Did you know that Japan bombed Oregon during World War II? I didn’t either. Sometimes the most inconsequential episodes in larger stories can turn out to be the most moving, and so it is with THIRTY MINUTES OVER OREGON: A Japanese Pilot’s World War II Story (Clarion, 32 pp., $17.99; ages 6 to 9), by Marc Tyler Nobleman, illustrated by Melissa Iwai. After Pearl Harbor, apparently, the Japanese military believed a successful attack on the United States mainland would be effective propaganda, so in 1942 a bombing raid was planned to start a fire in the Oregon woods that would “rage into nearby towns and cities.” Iwai’s fine renderings of the unsuspecting townspeople of Brookings, Ore., are matched by her depictions of the bomber, which was launched from a Japanese submarine deck by slingshot.
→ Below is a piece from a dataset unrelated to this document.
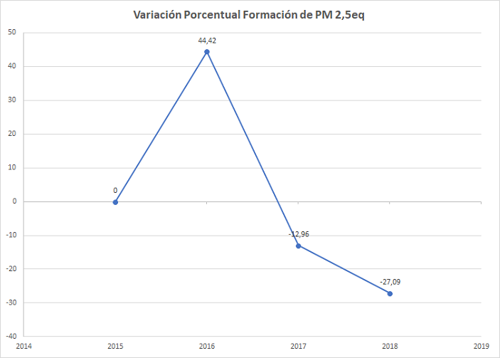 Descripción Un gráfico que muestre la evolución en el tiempo del indicador de categoría de impacto "Formación material particulado fino (kg PM2.5 equivalente/kWh)" y un gráfico que representa la variación porcentual del período estudiado.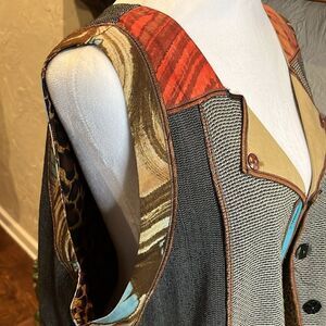 Vintage Faith Patchwork Embroidered Animal/Multi Print Vest, XL!

Fortunately, the plan failed, but the story goes someplace completely unexpected when, years later, the boosterish citizens of Brookings track down the pilot, Nobuo Fujita, to invite him to a Memorial Day ceremony. He is welcomed warmly — and even teased about his poor fire-setting skills — and friendships made that day continue to grow for another generation and beyond, until his story becomes a thought-provoking meditation on the power of forgiveness, of others and oneself.

From “Thirty Minutes Over Oregon.”
From “Thirty Minutes Over Oregon.”

The “girls who code” movement should probably get some extra credit for the trend in fine books about women who made history in science and math. NOTHING STOPPED SOPHIE: The Story of Unshakable Mathematician Sophie Germain (Little, Brown, 32 pp., $17.99; ages 4 to 8), written by Cheryl Bardoe and illustrated by Barbara McClintock, tells the story of a young woman who made her mark in the lofty academies of Paris after the French Revolution. With trouble in the streets, Sophie was often forced to stay inside for her safety, and she fell in love with the study of mathematics. She would even sneak out of bed to work on problems while everyone was asleep. Her parents’ response? To take away her candles! Yet she didn’t give up, and in 1816, after years of work, she won a grand prize from the Royal Academy of Sciences for solving an “impossible” problem: how to predict patterns of vibration, a real-life challenge to designers of buildings and bridges. Barbara McClintock’s illustrations in markers, gouache and collage show Sophie moving through life in a bright swirl of numbers, floating like thought balloons all around her.

Refreshingly, Sophie Germain’s story not only reminds us of the importance of perseverance, it recalls a time when discoveries were often made by hard-working amateurs — for the fun of it.

Julie Just, a former children’s books editor at the Book Review, is an editor at The New York Review of Books.